Tuttavia è stato negli ultimi giorni, con l’avvicinarsi al voto, che le polemiche sono debordate. Nell’ultima settimana hanno ribadito la loro contrarietà alla norma Silvio Berlusconi—che si è dichiarato favorevole alle unioni civili ma contrario al ddl Cirinnà—, Salvini, e soprattutto l’Ncd, il cui presidente Angelino Alfano—dopo aver dato numeri sulle pensioni di reversibilità delle coppie gay—ha promesso un referendum abrogativo nel caso di approvazione della stepchild adoption.
Foto di Federico Tribbioli.
Ma a preoccupare per il destino del disegno di legge sono soprattutto i malumori interni al PD. Nonostante la linea della maggioranza—con il premier che vanta una presenza al Family Day del 2007—dentro il partito ci sarebbero una trentina senatori pronti a non firmare l’articolo sulla stepchild adaption, e che premono affinché questa venga sostituita con la pratica dell’affido rinforzato, una forma di affido che, con rinnovo biennale, dura fino alla maggiore età del figlio, periodo dopo il quale questo può scegliere di essere adottato.
Proprio la scorsa settimana, a tale scopo è stato presentato un emendamento firmato da 37 deputati. L’emendamento ha fatto discutere—più che per il contenuto in sé che era prevedibile da mesi e palese da settimane—per essere stato ripreso dal sito di informazione omosessuale gay.it, che il 14 gennaio ha pubblicato la lista dei presunti 31 democratici contrari, poi scesi a 26, includendo l’email istituzionale e i contatti social, e ricevendo in cambio accuse di squadrismo.
Al di fuori della politica ufficiale, la Cei—che fin dall’inizio non si è comunque sentita in dovere di commentare—è scesa definitivamente in campo contro il ddl il 7 gennaio. La stessa posizione è stata di fatto rinforzata e ufficializzata dieci giorno dopo dal cardinal Bagnasco, che in un’intervista a Repubblica ha ribadito la posizione della Chiesa. Il presidente della Cei ha infatti definito “necessario” il nuovo Family Day—annunciato a Roma per il 30 gennaio proprio con lo scopo di chiedere il ritiro del ddl Cirinnà—e ribadito il ruolo unico della famiglia tradizionale, esortando il Parlamento a occuparsi dei problemi veri, rispetto a cui le unioni civili rappresenterebbero “una distrazione grave e irresponsabile.”

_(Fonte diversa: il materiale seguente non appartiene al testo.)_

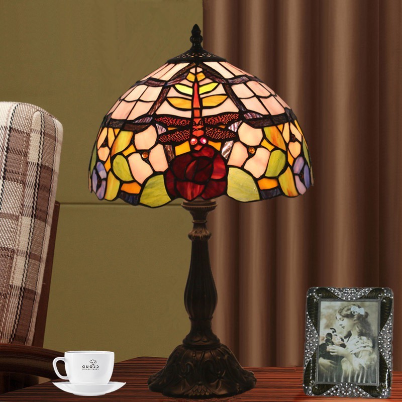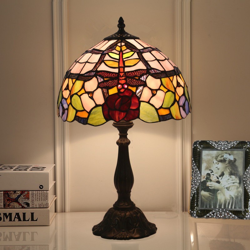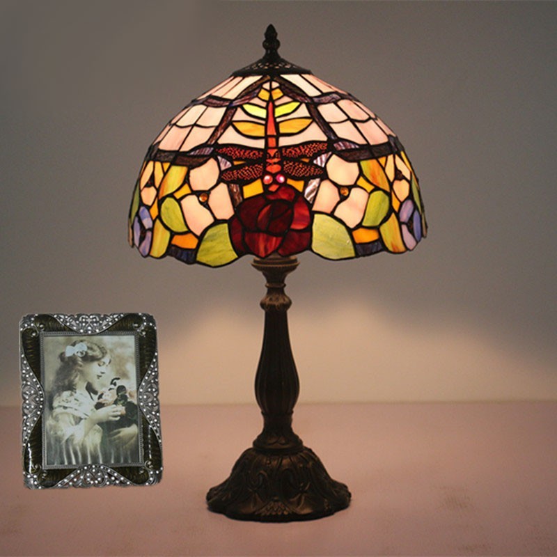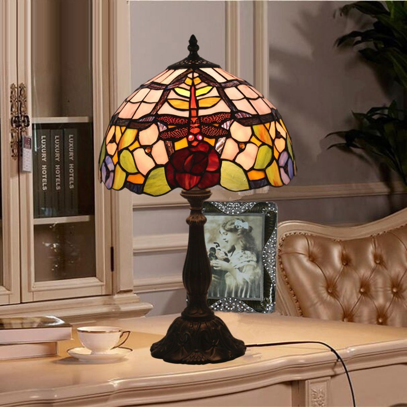 30 cm Eiropas vitrāžas spāres stila Tiffany galda lampa

In attesa della votazione in aula, tra gli ultracattolici non manca chi—come la giornalista Costanza Miriano—ha deciso di impegnarsi in prima persona richiamando i fedeli a dedicare la loro ora di guardia quotidiana a fermare la legge sulle unioni civili.
Probabilmente l’invocazione non sarà sufficiente a fermare la legge, che almeno teoricamente dovrebbe passare grazie all’appoggio del MoVimento 5 Stelle e della maggioranza del Partito Democratico.
Diverso è il discorso per quanto riguarda la “stepchild adoption,” su cui il premier Renzi ha dichiarato che i parlamentari voteranno secondo coscienza—motivo per cui potrebbero non esserci i numeri. Tuttavia, indipendentemente da come andrà a finire e dai toni con cui la politica commenterà l’esito, sarà difficile dimenticarci di come, nel 2015, siamo arrivati a questa votazione: in un paese diviso, in cui la sua componente cattolica ha fatto di tutto per sabotare un—seppur timido—avanzamento della società.